I am always looking for new ways to do things that will either allow me to do what's necessary in less time, or cause the least amount of angst whilst doing it.
While whining to a friend this morning about that pesky linen, which was causing me the most grief not in the weaving but in the winding of the bobbins, the proverbial light came on over my head.
My doubling stand is set up so that the two yarns come up out of a two stage bucket and run over an S hook that dangles from a hook in the ceiling.
The linen is just springy and wire-y enough that if I wound too fast, or just because it wanted to be pesky, the linen would leap off the S hook. Sometimes just one, sometimes both, but either way it meant that the yarn broke, or the two threads got out of alignment. In the long run it meant that winding bobbins was becoming a bit of a teeth grinding time for me.
As I was describing the pesky behaviour, I thought how much better it would be if the yarn ran through a ring. No way the yarn could escape! Ah-ha, says I - I do believe that I have a one inch tack ring in my toolbox!

I did have a ring handy so I put it up on the hook....

....a close up so you can see how it looks....and voila!
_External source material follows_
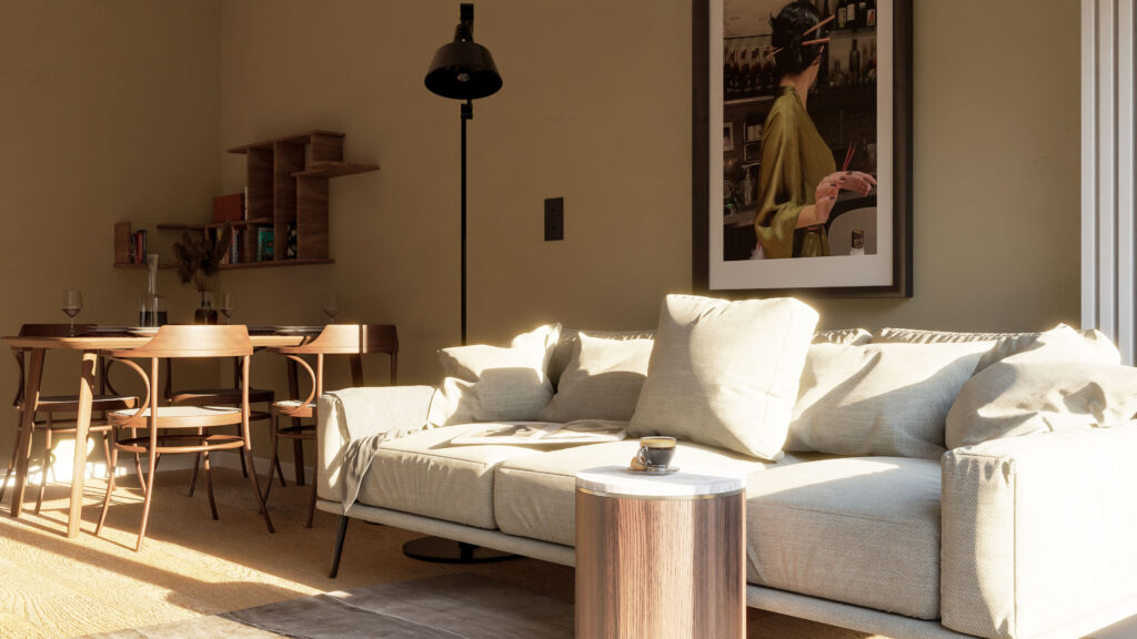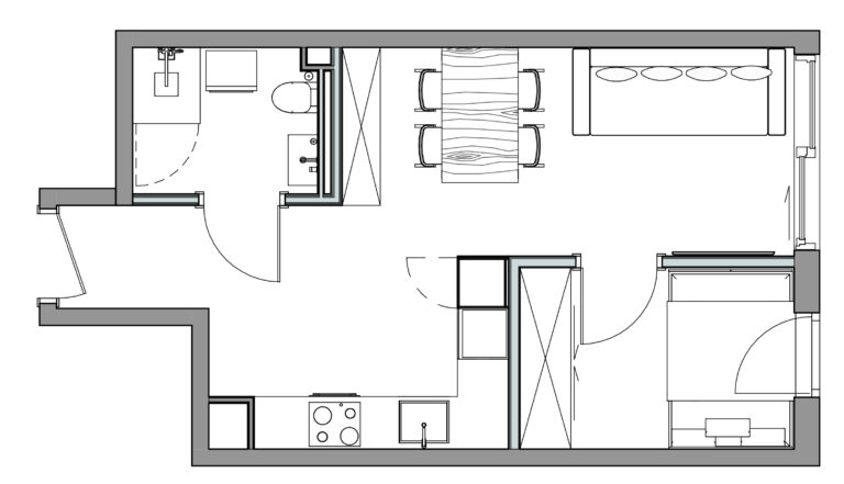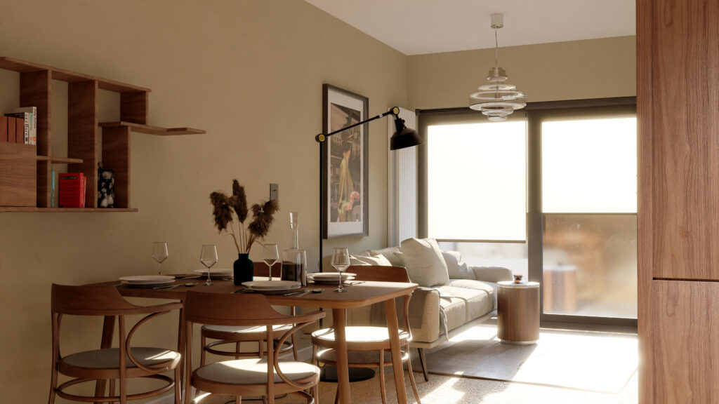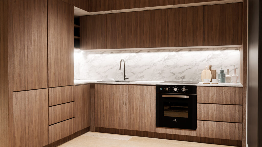 Projekt: Warszawa, Wola Rok: 2022 Projekt wnętrz mieszkania 36 m2. Naturalne, ciemne odcienie, oliwkowa zieleń i drewno. Przestronna kuchnia dla amatora gotowania ze strefą dzienna i strefą nocną.

Well behaved - or at least well controlled - linen!
Now for the item of faith...
The other thing related to the tea towels that had been vaguely bothering me was beaming the 2/16 warps. Since I had never been taught how to do this but just kept working at it until I sort of got it figured out I wondered if there wasn't a still simpler and faster way than what I was doing.
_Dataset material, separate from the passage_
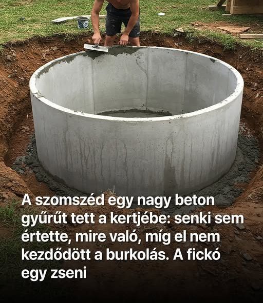 A szomszéd egy nagy betongyűrűt tett a kertjébe: senki sem értette, mire való, míg el nem kezdődött a burkolás. A fickó egy zseni
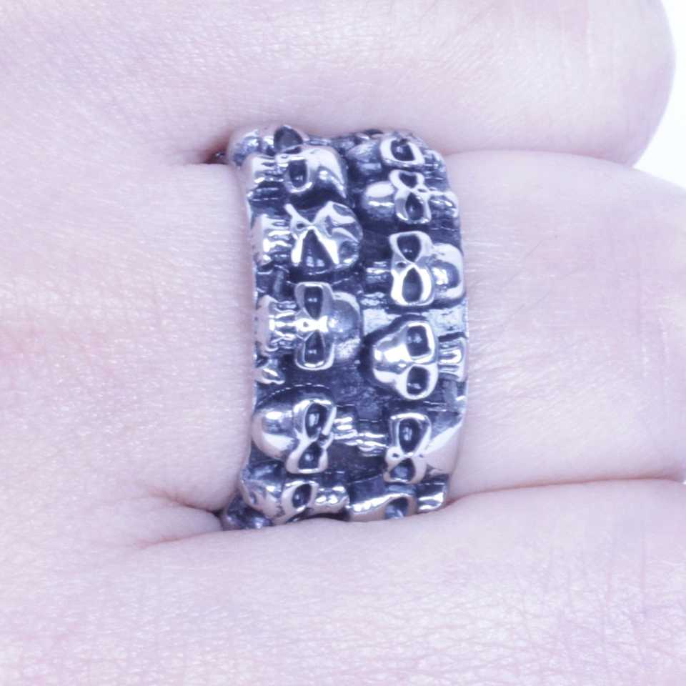 Anello da uomo elegante in acciaio inossidabile con teschio, taglia unica (9-14), con intarsio, anelli alla moda per ragazzi

On the last warp I thought to myself, why am I strumming and brushing this warp? Didn't I do a good enough job that it should just wind on? So I didn't, and it did, with just one thread that snagged and broke.
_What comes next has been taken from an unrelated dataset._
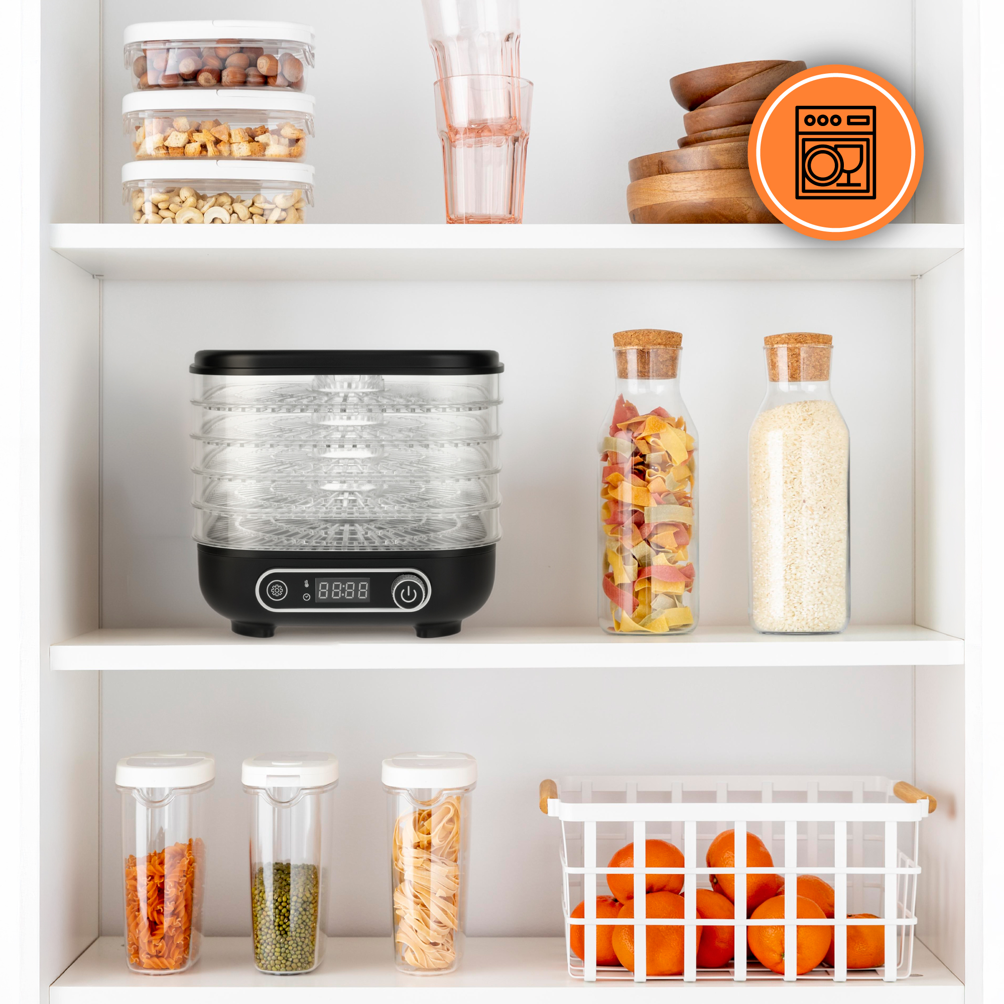 Deshidratatorul Teesa a fost conceput avand in vedere usurinta maxima in utilizare. Sitele transparente pot fi spalate in masina de spalat vase, ceea ce le face mult mai usor de curatat. In plus, dimensiunile sale compacte il fac usor de integrat in orice bucatarie - usor de depozitat intr-un dulap, dar intotdeauna la indemana.

This time I thought, okay, let's try this again and see if it was just a fluke, but let's also try something a little bit different. So instead of keeping the lease sticks between the reed and the breast beam I moved them beyond the breast beam to between that and the valet.
There were several improvements noticed. For one thing I had a much longer area that could be wound on before anything needed to be adjusted/moved. The chains stayed much neater. There were very few snags or loose threads until the last two yards (11 meter long warp) at which point I took out the brush and quickly dealt with those.
In the end I figure I halved the beaming time and much less fussing.
Happy new year and lots of fibre finessing to everyone!